* _About this exercise_
Dropping every picture, set down exactly the lines in the entries below, starting with the line with "Okay, back to" and going on through the line with "根据发行安排,今年将发行7只".

* _Dataset_

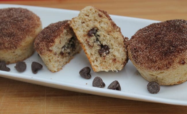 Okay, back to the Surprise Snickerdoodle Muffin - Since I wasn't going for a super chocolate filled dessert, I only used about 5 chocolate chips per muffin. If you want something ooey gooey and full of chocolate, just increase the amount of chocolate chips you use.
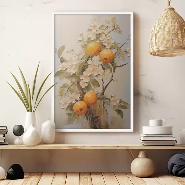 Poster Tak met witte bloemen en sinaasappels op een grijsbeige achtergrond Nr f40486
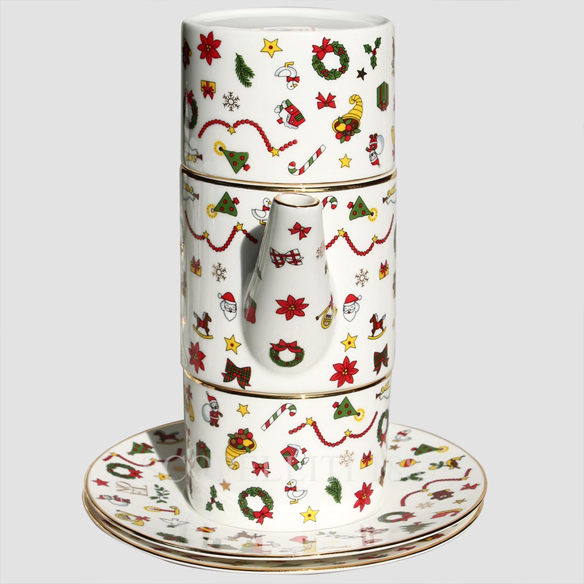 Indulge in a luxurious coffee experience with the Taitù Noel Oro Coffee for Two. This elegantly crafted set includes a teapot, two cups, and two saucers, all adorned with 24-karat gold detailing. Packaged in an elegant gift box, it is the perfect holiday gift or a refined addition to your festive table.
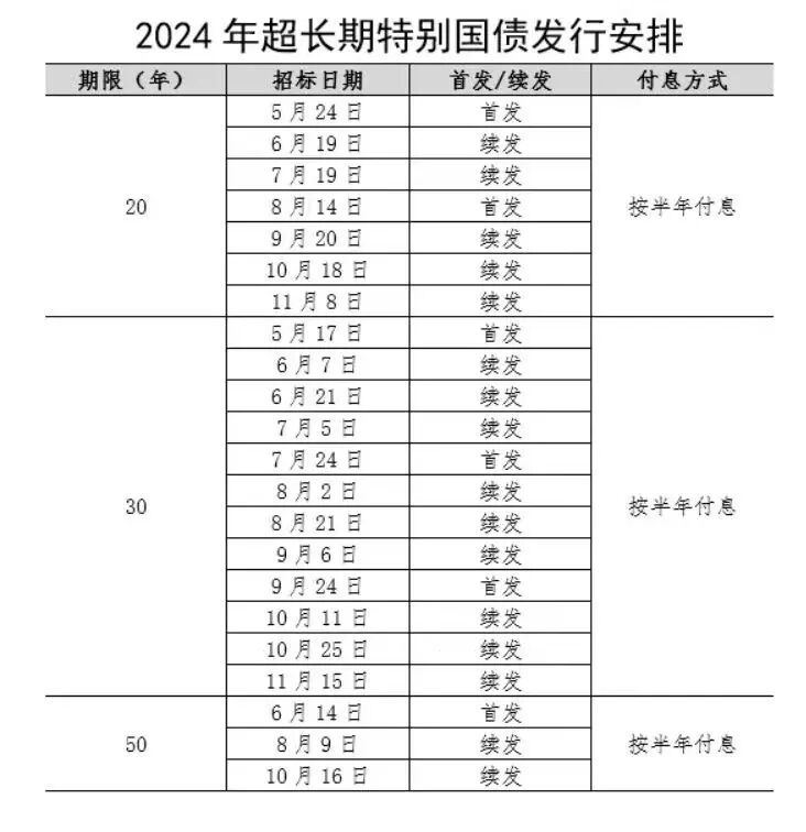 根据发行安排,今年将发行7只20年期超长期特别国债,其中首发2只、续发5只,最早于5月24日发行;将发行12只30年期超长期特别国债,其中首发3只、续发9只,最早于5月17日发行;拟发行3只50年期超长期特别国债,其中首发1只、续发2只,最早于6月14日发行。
--
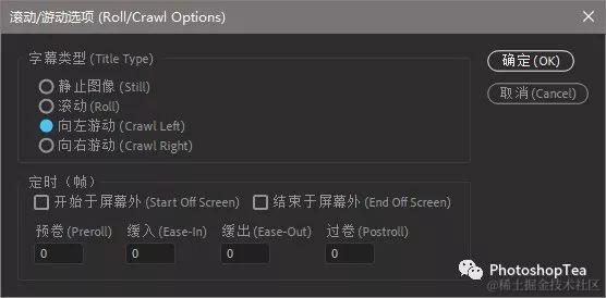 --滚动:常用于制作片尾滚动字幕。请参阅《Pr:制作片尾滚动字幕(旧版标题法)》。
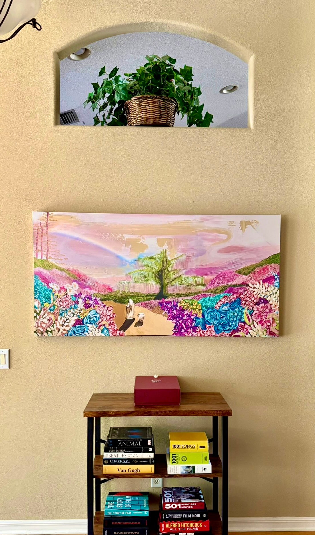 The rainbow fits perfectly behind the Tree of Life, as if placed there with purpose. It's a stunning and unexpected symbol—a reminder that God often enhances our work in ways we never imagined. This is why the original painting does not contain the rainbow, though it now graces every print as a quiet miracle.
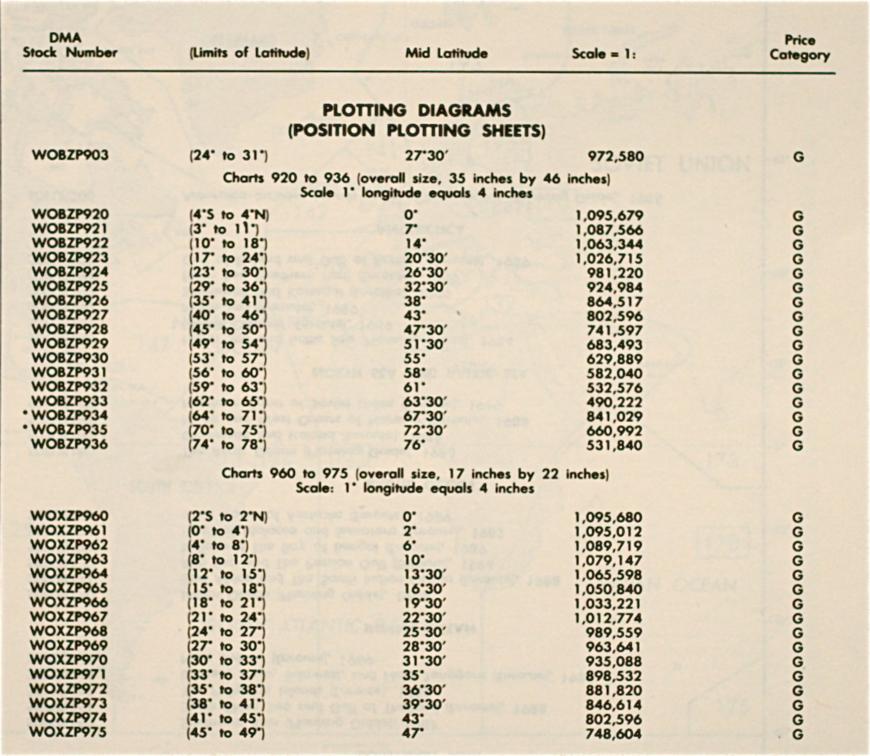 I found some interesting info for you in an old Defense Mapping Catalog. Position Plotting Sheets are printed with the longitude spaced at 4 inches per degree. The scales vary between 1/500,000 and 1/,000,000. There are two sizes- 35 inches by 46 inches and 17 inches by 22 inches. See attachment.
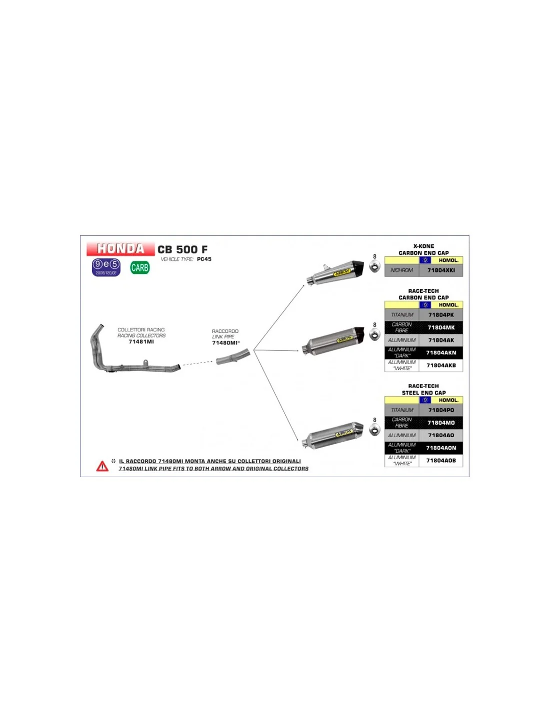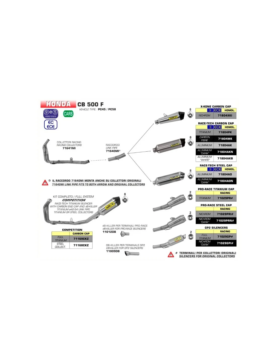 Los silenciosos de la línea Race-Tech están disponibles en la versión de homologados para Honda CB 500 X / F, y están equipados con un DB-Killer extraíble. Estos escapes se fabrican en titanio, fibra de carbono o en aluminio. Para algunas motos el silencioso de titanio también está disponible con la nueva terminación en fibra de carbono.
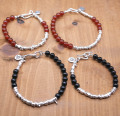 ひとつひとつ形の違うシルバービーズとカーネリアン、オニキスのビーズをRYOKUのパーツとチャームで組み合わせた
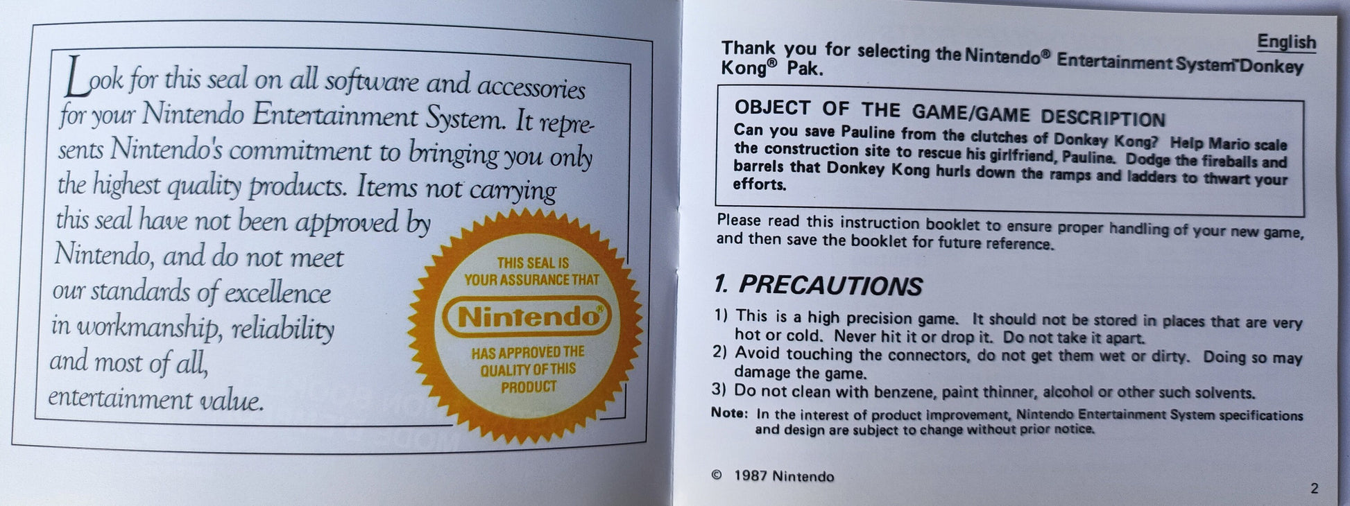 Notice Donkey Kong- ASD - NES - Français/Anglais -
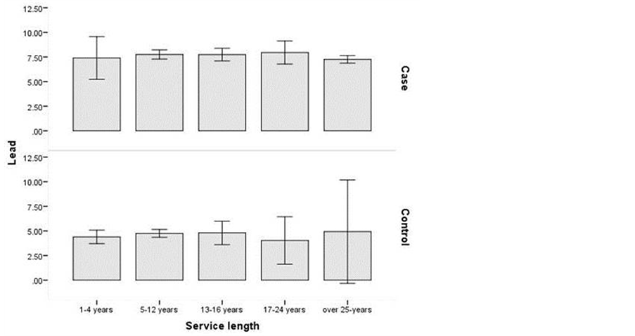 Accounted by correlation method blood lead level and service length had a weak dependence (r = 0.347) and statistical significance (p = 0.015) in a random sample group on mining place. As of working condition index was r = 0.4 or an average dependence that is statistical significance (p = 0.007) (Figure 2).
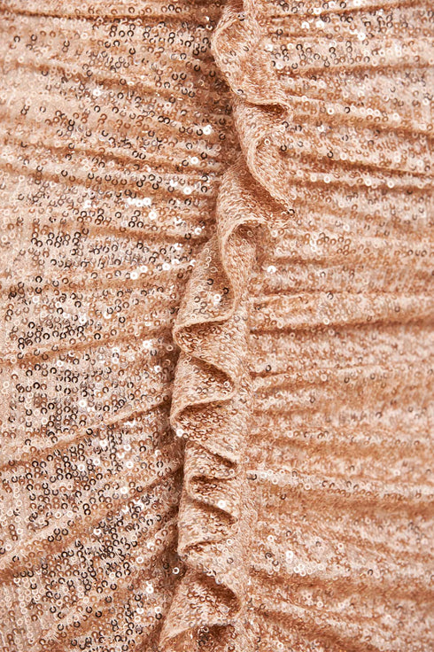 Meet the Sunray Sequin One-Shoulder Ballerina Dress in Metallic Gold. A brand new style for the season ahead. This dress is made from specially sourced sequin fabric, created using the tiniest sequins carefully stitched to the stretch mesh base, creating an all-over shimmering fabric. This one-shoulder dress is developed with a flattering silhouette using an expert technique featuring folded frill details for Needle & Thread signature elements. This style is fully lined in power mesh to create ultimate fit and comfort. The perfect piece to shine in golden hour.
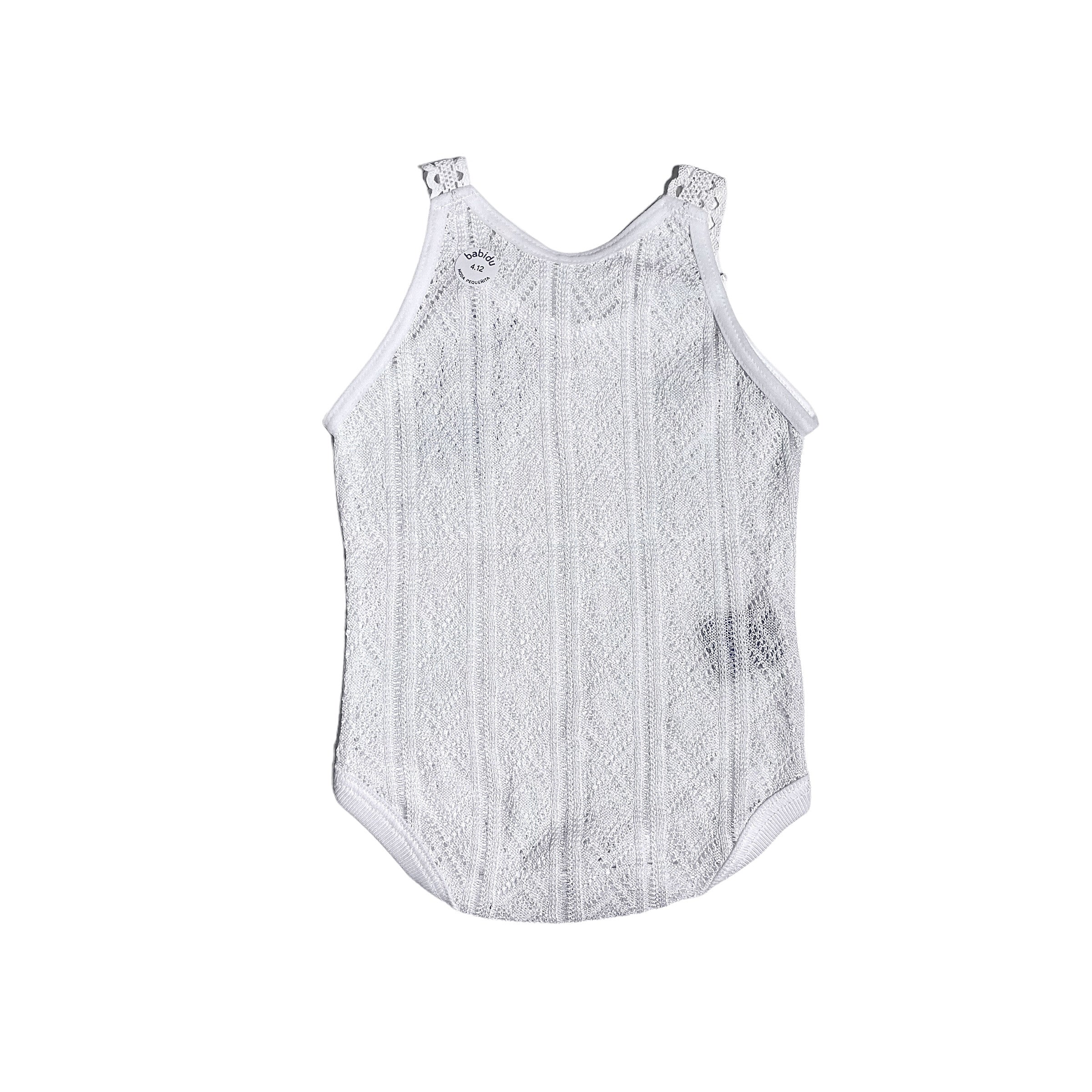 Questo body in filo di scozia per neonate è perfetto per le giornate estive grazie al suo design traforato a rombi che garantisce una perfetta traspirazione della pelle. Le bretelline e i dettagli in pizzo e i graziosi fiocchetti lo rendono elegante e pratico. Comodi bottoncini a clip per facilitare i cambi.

* _Exercise output_
 Okay, back to the Surprise Snickerdoodle Muffin - Since I wasn't going for a super chocolate filled dessert, I only used about 5 chocolate chips per muffin. If you want something ooey gooey and full of chocolate, just increase the amount of chocolate chips you use.
 Poster Tak met witte bloemen en sinaasappels op een grijsbeige achtergrond Nr f40486
 Indulge in a luxurious coffee experience with the Taitù Noel Oro Coffee for Two. This elegantly crafted set includes a teapot, two cups, and two saucers, all adorned with 24-karat gold detailing. Packaged in an elegant gift box, it is the perfect holiday gift or a refined addition to your festive table.
 根据发行安排,今年将发行7只20年期超长期特别国债,其中首发2只、续发5只,最早于5月24日发行;将发行12只30年期超长期特别国债,其中首发3只、续发9只,最早于5月17日发行;拟发行3只50年期超长期特别国债,其中首发1只、续发2只,最早于6月14日发行。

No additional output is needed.